The future of the CentOS Project is CentOS Stream, and over the next year we’ll be shifting focus from CentOS Linux, the rebuild of Red Hat Enterprise Linux (RHEL), to CentOS Stream, which tracks just ahead of a current RHEL release. CentOS Linux 8, as a rebuild of RHEL 8, will end at the end of 2021. CentOS Stream continues after that date, serving as the upstream (development) branch of Red Hat Enterprise Linux.

Meanwhile, we understand many of you are deeply invested in CentOS Linux 7, and we’ll continue to produce that version through the remainder of the RHEL 7 life cycle. https://access.redhat.com/support/policy/updates/errata/#Life_Cycle_Dates

CentOS Stream will also be the centerpiece of a major shift in collaboration among the CentOS Special Interest Groups (SIGs). This ensures SIGs are developing and testing against what becomes the next version of RHEL. This also provides SIGs a clear single goal, rather than having to build and test for two releases. It gives the CentOS contributor community a great deal of influence in the future of RHEL. And it removes confusion around what “CentOS” means in the Linux distribution ecosystem.

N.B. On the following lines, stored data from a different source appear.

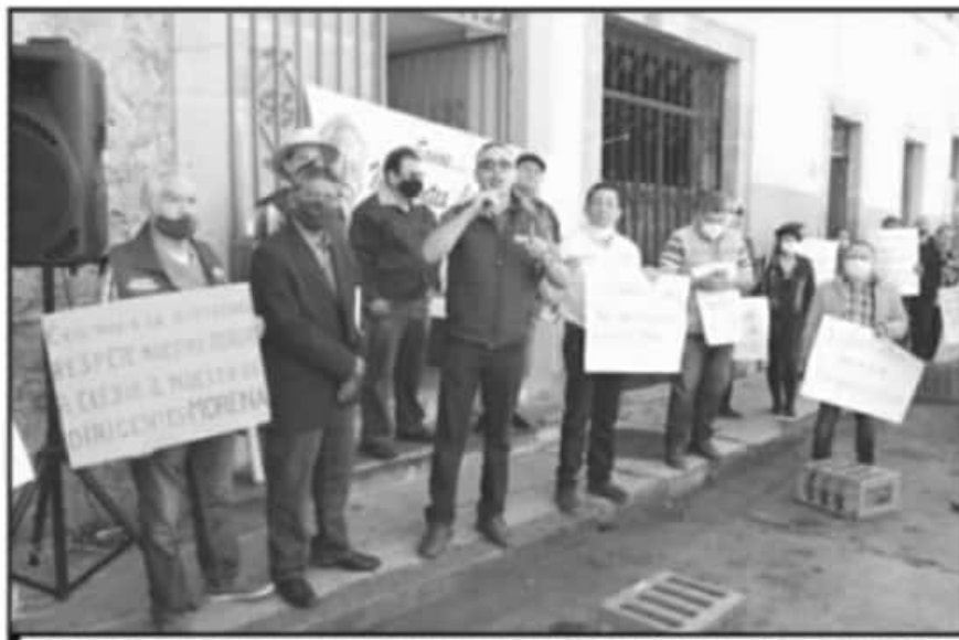
LOS MILITANTES INCONFORMES ADVIRTIERON QUE NO PERMITIRÁN LA INTROMISIÓN DE LA DIRIGENCIA NACIONAL.

"No al dedazo", "no a la imposición", "no al chapulines" fueron algunos de los mensajes que se leyeron en las cartulinas y pancartas que se desplegaron
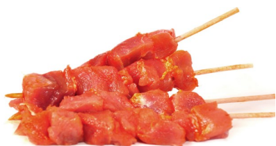
Pinchos ensartados 12 und
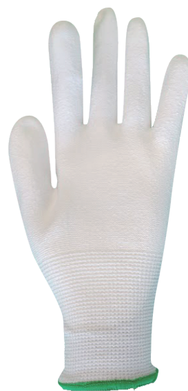
M サイズ (ライトグリーン)
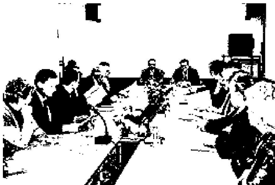
Заседание семинара в администрации Грязовецкого района
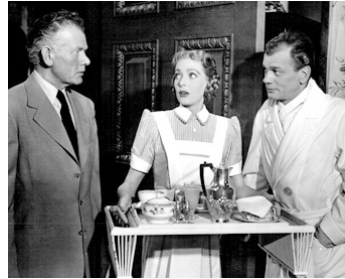
1947 MA FEMME EST UN GRAND HOMME (The Farmer's Daughter) d'H.C. Potter avec Loretta Young, J. Cotten

When CentOS Linux 8 (the rebuild of RHEL8) ends, your best option will be to migrate to CentOS Stream 8, which is a small delta from CentOS Linux 8, and has regular updates like traditional CentOS Linux releases. If you are using CentOS Linux 8 in a production environment, and are concerned that CentOS Stream will not meet your needs, we encourage you to contact Red Hat about options.

We have an FAQ - https://centos.org/distro-faq/ - to help with your information and planning needs, as you figure out how this shift of project focus might affect you.

[See also: Red Hat's perspective on this. https://www.redhat.com/en/blog/centos-stream-building-innovative-future-enterprise-linux]

https://lists.centos.org/pipermail/centos-announce/2020-December/048208.html

How the EOL dates look like at this point (check CentOS-8):

https://gallery.norre.org/images/2020/12/09/centos_about_after.png https://wiki.centos.org/About/Product

How this page looked like yesterday (<2020-12-08 Tue>):

https://gallery.norre.org/images/2020/12/09/centos_about_before.png https://web.archive.org/web/20201101131417/https://wiki.centos.org/About/Product

It's unclear why RedHat had published the EOL dates at all, when they were not going to follow them. Guess it's time to rethink the future OS plans for many companies anyway.